▸ What you have to do
In the copy, every line of the material that follows must appear exactly, and no pictures should.

◇ ◇ ◇ ◇

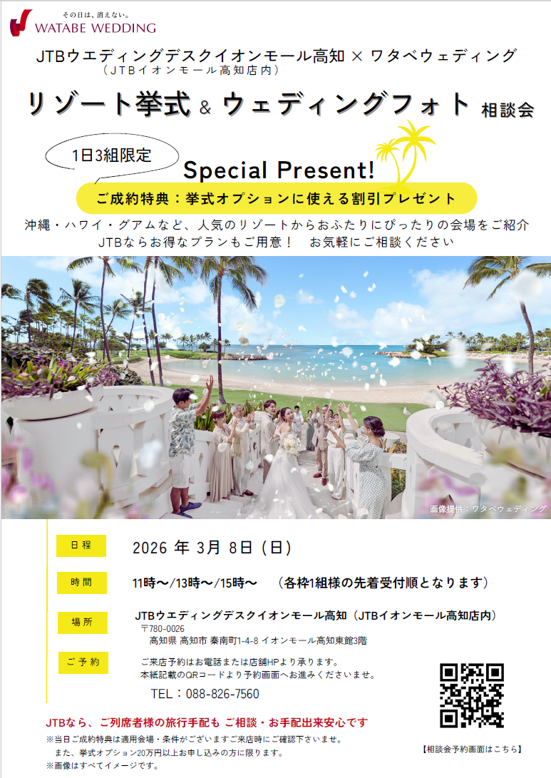 「写真に残す結婚式」や「旅先での記念フォト」をお考えの方は、ぜひJTBウエディングプラザ・デスクへご相談ください。ご来店予約のうえ、理想のフォトプランを一緒に見つけましょう。
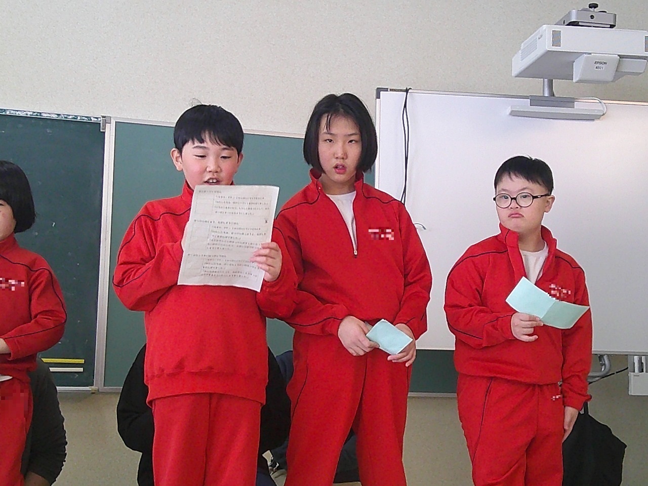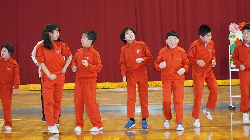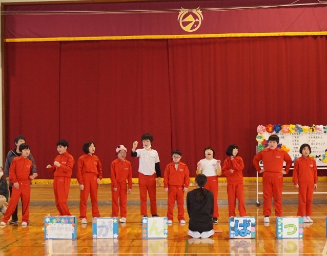| 一緒に中学部生活を過ごした3年生への餞に、1・2年生から感謝や思い出のメッセージと明るいダンス、エールを贈りました。高等部でもがんばってください! | |
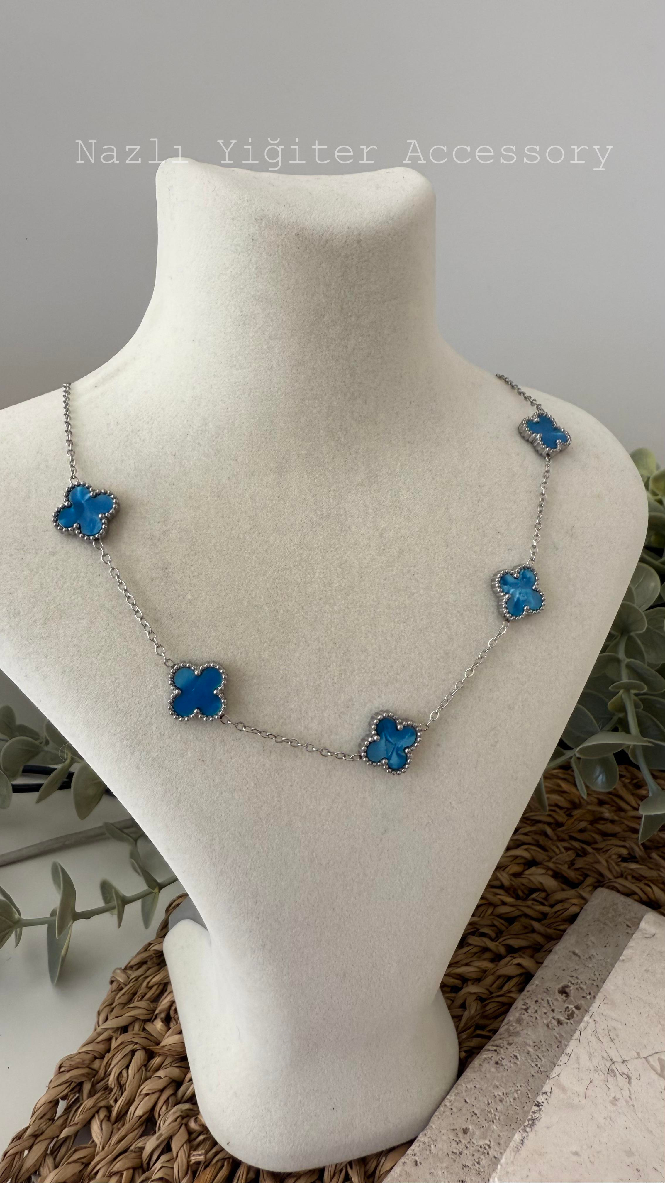 Çelik Gümüş Renk Yonca Mavi Kolye
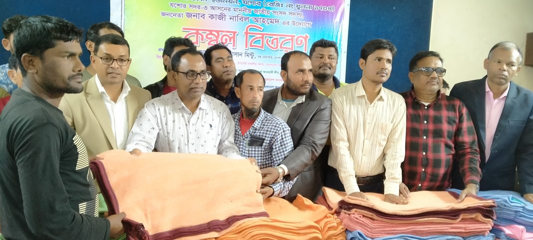 নিজস্ব প্রতিবেদকঃ যশোর ৩ সংসদীয় আসনের সংসদ সদস্য কাজী নাবিল আহমেদের পক্ষে সংবাদপত্র হকার্স ইউনিয়নের সদস্যের মাঝে কম্বল বিতরণ করা হয়েছে। বুধবার প্রেসকব যশোরের হল রুমে প্রায় দুইশত হকারের মাঝে এ কম্বল বিতরণ করেন জেলা আওয়ামী লীগের সহ-সভাপতি মেহেদী হাসান মিন্টু । জেলা হকার্স ইউনিয়নের নেতা অব্দুর রাজ্জাকের সভাপতিত্বে অনুষ্ঠানে বিশেষ অতিথি হিসাবে উপস্থিত ছিলেন, জেলা আওয়ামী লীগের উপদেষ্টা আবুল হোসেন খান।
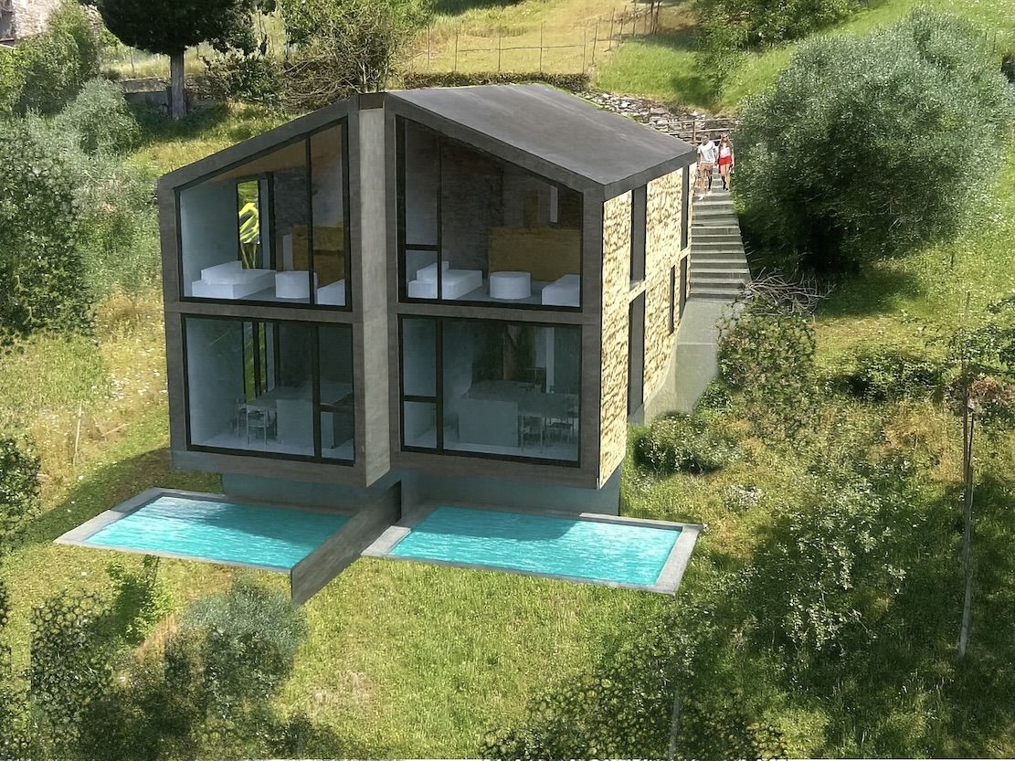 Lago Como Gravedona ed Uniti In moderno edificio con ampie vetrate PRENOTASI due eleganti villette semindipendenti con piscina privata e vista lago.
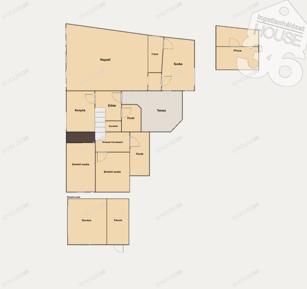 A mindennapi kényelmet tovább növeli a garázs, a kocsibeálló és a pince, amely kiváló tárolásra. A terasz pedig tökéletes helye lehet a nyári reggeliknek vagy esti beszélgetéseknek.
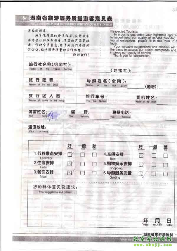 2010年11月4日王先生旅游質(zhì)量反饋
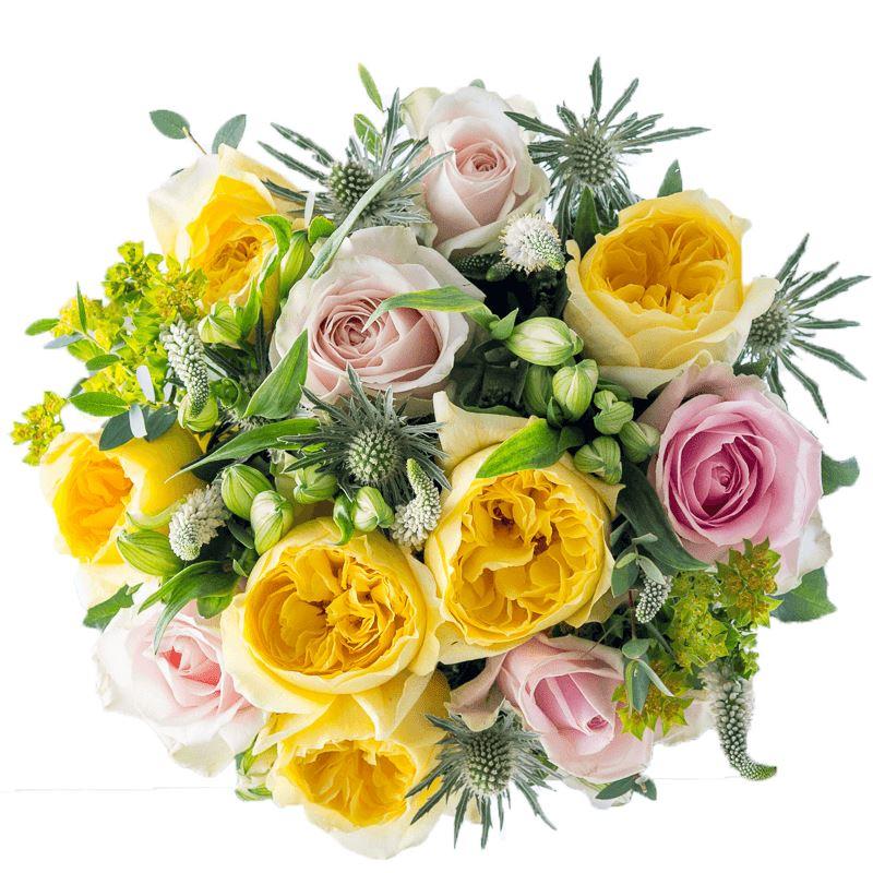 - Silver Eryngium: eryngium's silver-blue hues provide a stunning contrast to the soft pastel shades, giving the bouquet a unique and textured appearance.
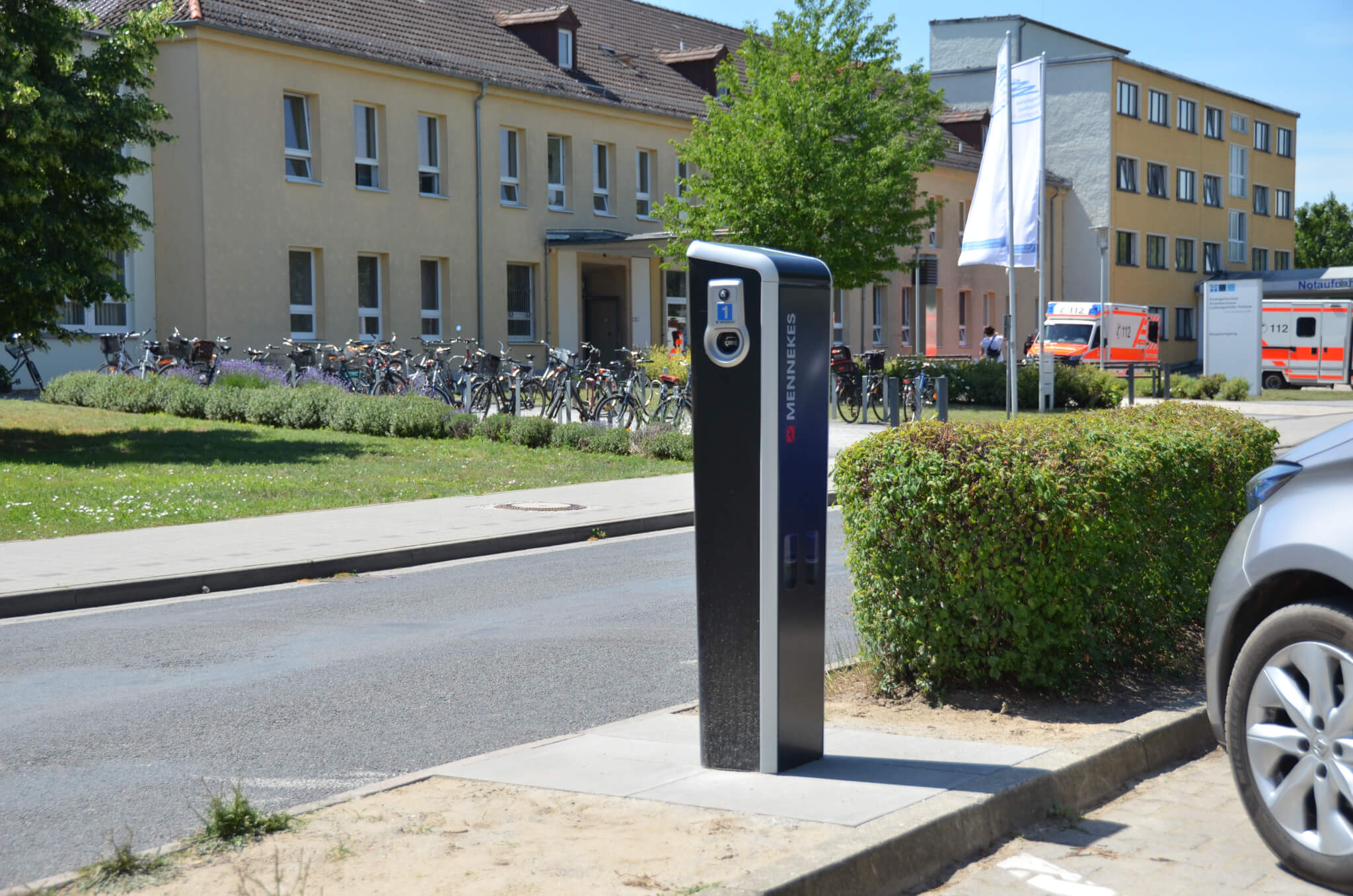 Auf dem Parkplatz am Krankenhaus können nun auch Elektroautos aufgeladen werden. Die entsprechende Ladesäule ist am Donnerstagvormittag in Betrieb gegangen. Das Parken der Autos ist für die Nutzer in diesem Zeitraum kostenfrei, sie zahlen für die Stunden, die sie ihr Auto aufladen. Es kann mit EC, Kredit oder Bargeld bezahlt werden. Auch das relativ neue Bezahlen via NFC ist am Krankenhaus möglich.
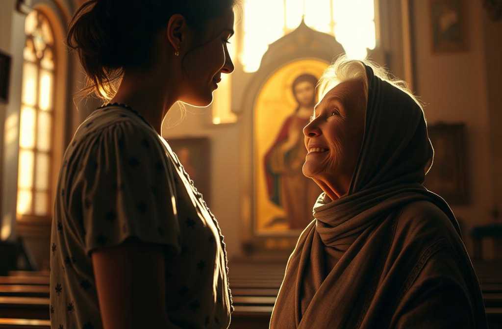 A service was underway, the pews sparsely filled. She moved forward, glancing aroundit was her first time in a church. A large painting caught her eye: a young woman cradling an infant. Lily couldnt look away. After a moment, an elderly woman in a headscarf whispered beside her,
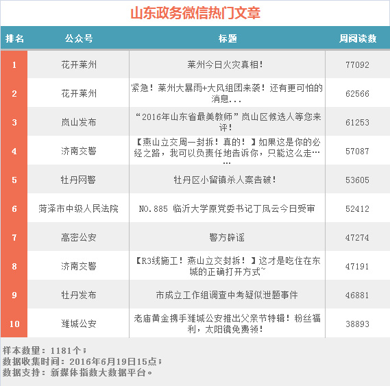 本期熱文榜中,“花開萊州”水與火兩篇文章斬獲一二名,其中《萊州今日火災真相!》憑借77092的周閱讀量奪得冠軍寶座!毒o急!萊州大暴雨+大風組團來襲!還有更可怕的消息...》取得熱文榜第二名,這篇文章的長標題通過當下較為流行的表達方式傳達了居民需要的硬性消息,軟硬結合,無疑更容易吸引粉絲的目光!皪股桨l布”發表的《“2016年山東省最美教師”嵐山區候選人等您來評!》取得熱文榜的第三名,表現同樣不錯。
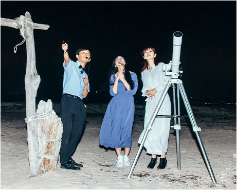 昼間とはひと味ちがう夜の海を楽しむナイトカヤックは、LEDライトが付いた専用カヤックで海を明るく照らし写真映えも抜群!その後ビーチで専任ガイドの元、天体観測を。山に囲まれた南城市は外の灯りが少なく市街地より星が綺麗に見えます。オリオン座など冬の代表的な星座の他、星空ガイドによるこぼれ話など普段知らない冬の空の話を聞いてみて。
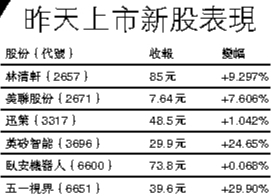 美聯股份昨開報8.21元,較招股價7.1元高15.6%,收報7.64元,較招股價高7.6%,全日成交1.23億元;每手300股計,一手帳面賺162元。迅策開報48.02元,與招股價48元基本持平,收報48.5元,較上市價48元,高出招股價1%,全日成交1.99億元;每手100股帳面賺50元。
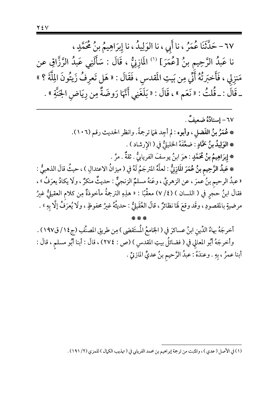 وأخرجَهُ أبُو المعالِي في (فضائلُ بيتِ المقدسِ) (ص: ٢٧٤)، قالَ: أبنا أبُو مسلمٍ، قالَ: أبنا عمرُ، بِهِ. وعندَهُ: عبدُ الرَّحيمِ بنُ عديٍّ المازنيِّ.

◇ ◇ ◇ ◇

▸ Solution
 「写真に残す結婚式」や「旅先での記念フォト」をお考えの方は、ぜひJTBウエディングプラザ・デスクへご相談ください。ご来店予約のうえ、理想のフォトプランを一緒に見つけましょう。
| 一緒に中学部生活を過ごした3年生への餞に、1・2年生から感謝や思い出のメッセージと明るいダンス、エールを贈りました。高等部でもがんばってください! | |
 Çelik Gümüş Renk Yonca Mavi Kolye
 নিজস্ব প্রতিবেদকঃ যশোর ৩ সংসদীয় আসনের সংসদ সদস্য কাজী নাবিল আহমেদের পক্ষে সংবাদপত্র হকার্স ইউনিয়নের সদস্যের মাঝে কম্বল বিতরণ করা হয়েছে। বুধবার প্রেসকব যশোরের হল রুমে প্রায় দুইশত হকারের মাঝে এ কম্বল বিতরণ করেন জেলা আওয়ামী লীগের সহ-সভাপতি মেহেদী হাসান মিন্টু । জেলা হকার্স ইউনিয়নের নেতা অব্দুর রাজ্জাকের সভাপতিত্বে অনুষ্ঠানে বিশেষ অতিথি হিসাবে উপস্থিত ছিলেন, জেলা আওয়ামী লীগের উপদেষ্টা আবুল হোসেন খান।
 Lago Como Gravedona ed Uniti In moderno edificio con ampie vetrate PRENOTASI due eleganti villette semindipendenti con piscina privata e vista lago.
 A mindennapi kényelmet tovább növeli a garázs, a kocsibeálló és a pince, amely kiváló tárolásra. A terasz pedig tökéletes helye lehet a nyári reggeliknek vagy esti beszélgetéseknek.
 2010年11月4日王先生旅游質(zhì)量反饋
 - Silver Eryngium: eryngium's silver-blue hues provide a stunning contrast to the soft pastel shades, giving the bouquet a unique and textured appearance.
 Auf dem Parkplatz am Krankenhaus können nun auch Elektroautos aufgeladen werden. Die entsprechende Ladesäule ist am Donnerstagvormittag in Betrieb gegangen. Das Parken der Autos ist für die Nutzer in diesem Zeitraum kostenfrei, sie zahlen für die Stunden, die sie ihr Auto aufladen. Es kann mit EC, Kredit oder Bargeld bezahlt werden. Auch das relativ neue Bezahlen via NFC ist am Krankenhaus möglich.
 A service was underway, the pews sparsely filled. She moved forward, glancing aroundit was her first time in a church. A large painting caught her eye: a young woman cradling an infant. Lily couldnt look away. After a moment, an elderly woman in a headscarf whispered beside her,
 本期熱文榜中,“花開萊州”水與火兩篇文章斬獲一二名,其中《萊州今日火災真相!》憑借77092的周閱讀量奪得冠軍寶座!毒o急!萊州大暴雨+大風組團來襲!還有更可怕的消息...》取得熱文榜第二名,這篇文章的長標題通過當下較為流行的表達方式傳達了居民需要的硬性消息,軟硬結合,無疑更容易吸引粉絲的目光!皪股桨l布”發表的《“2016年山東省最美教師”嵐山區候選人等您來評!》取得熱文榜的第三名,表現同樣不錯。
 昼間とはひと味ちがう夜の海を楽しむナイトカヤックは、LEDライトが付いた専用カヤックで海を明るく照らし写真映えも抜群!その後ビーチで専任ガイドの元、天体観測を。山に囲まれた南城市は外の灯りが少なく市街地より星が綺麗に見えます。オリオン座など冬の代表的な星座の他、星空ガイドによるこぼれ話など普段知らない冬の空の話を聞いてみて。
 美聯股份昨開報8.21元,較招股價7.1元高15.6%,收報7.64元,較招股價高7.6%,全日成交1.23億元;每手300股計,一手帳面賺162元。迅策開報48.02元,與招股價48元基本持平,收報48.5元,較上市價48元,高出招股價1%,全日成交1.99億元;每手100股帳面賺50元。
 وأخرجَهُ أبُو المعالِي في (فضائلُ بيتِ المقدسِ) (ص: ٢٧٤)، قالَ: أبنا أبُو مسلمٍ، قالَ: أبنا عمرُ، بِهِ. وعندَهُ: عبدُ الرَّحيمِ بنُ عديٍّ المازنيِّ.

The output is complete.